Although appellant now asserts the trial court's ruling excluding the transcript from evidence denied him a fair and impartial trial and violated his right to present evidence in his own defense, at trial he claimed the evidence was not hearsay on the grounds of the business record exception. Appellant may not state one reason for objection during trial, then rely upon a different reason upon appeal. Phelan v. State, (1980) Ind., 406 N.E.2d 237.

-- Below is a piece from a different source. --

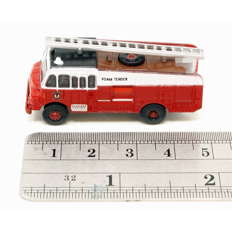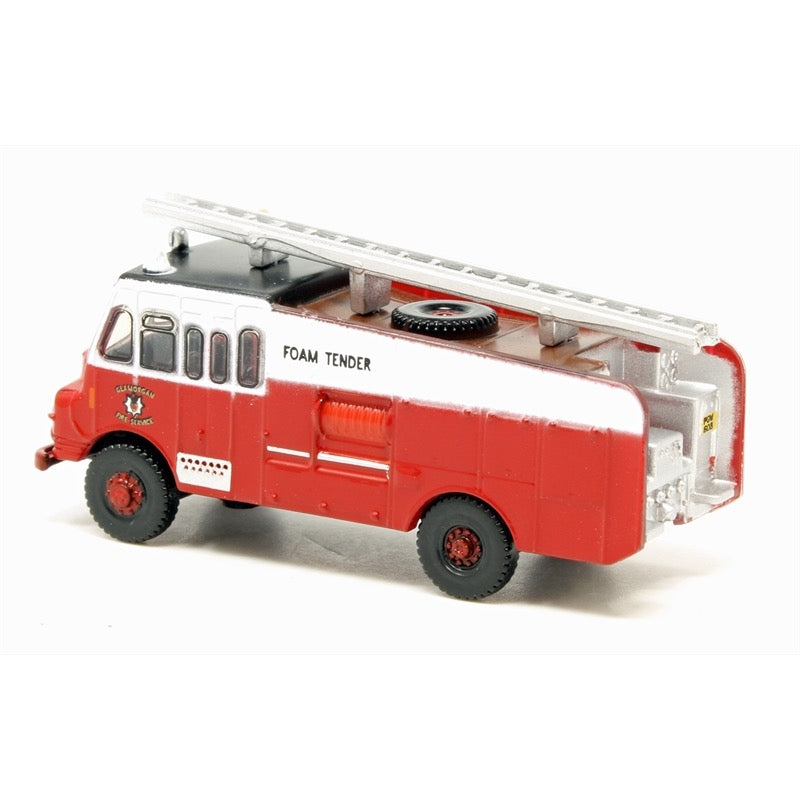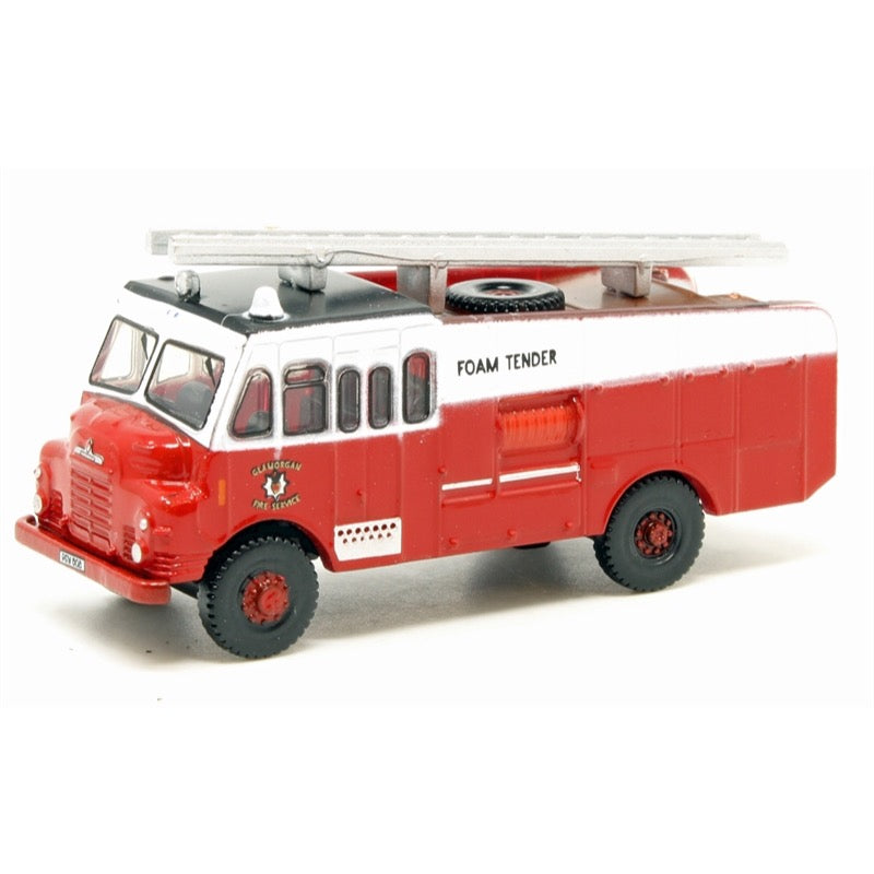 It features a white cab with a black roof, brown body roof which houses the single silver ladder, a white emergency belt, blue beacon, silver spotlight and the red hubbed spare wheel. The upper half of the body is masked white with black FOAM TENDER lettering along the sides. The red cab features the colourful Glamorgan Fire Service crest on both the doors while the vehicle rear is masked silver,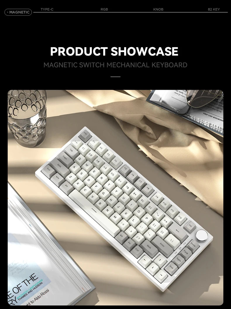 1.Eje magnético: se puede personalizar la carrera clave, soporte para macros personalizados, combos de liberación con una sola tecla

Appellant claims his sentence is inherently unreasonable. The trial court augmented the presumptive thirty (30) year terms for attempted murder and kidnapping by nine (9) years and three (3) years due to aggravating circumstances. The sentences were ordered to be served consecutively. He requests that we review and modify the sentences pursuant to Rules for the Appellate Review of Sentences, Rule 2.

The trial court may in its discretion increase or decrease sentences after considering aggravating or mitigating circumstances. Jones v. State, (1981) Ind., 422 N.E.2d 1197. This Court may revise a sentence only when, in light of the character of the offender and the nature of the offense, it is manifestly unreasonable. We may not *450 set aside a sentence merely because it may appear severe. Jones, supra. A thirty (30) year presumptive sentence for a Class A felony may be augmented by twenty (20) years for aggravating circumstances. I.C. § 35-50-2-4.

After considering the presentence report and the evidence presented at trial, the court specified as an aggravating circumstance that appellant attempted to murder a police officer in the performance of his duty. Appellant reiterates his contention that no evidence of his intent to murder Officer Taylor was adduced at trial. Our disposition of the issue above, holding the evidence sufficient to support the inference of appellant's intent, likewise supports the trial court's finding. The fact the victim of the kidnapping and his wife were over the age of sixty-five (65), that Mrs. Nutt was subjected to mental and emotional harm, and that Mr. Nutt's life was endangered by acts of appellant could also be properly considered as aggravating circumstances to increase the sentence for kidnapping. Appellant's argument that the police by firing upon the patrol car and engaging in a high speed chase endangered Mr. Nutt's life rather than himself is, to say the least, ludicrous. The court also found appellant's lengthy criminal history to support an increased term of imprisonment.

Both sentences were within the statutory limitations. The trial court did not abuse its discretion in increasing the sentences for attempted murder and kidnapping.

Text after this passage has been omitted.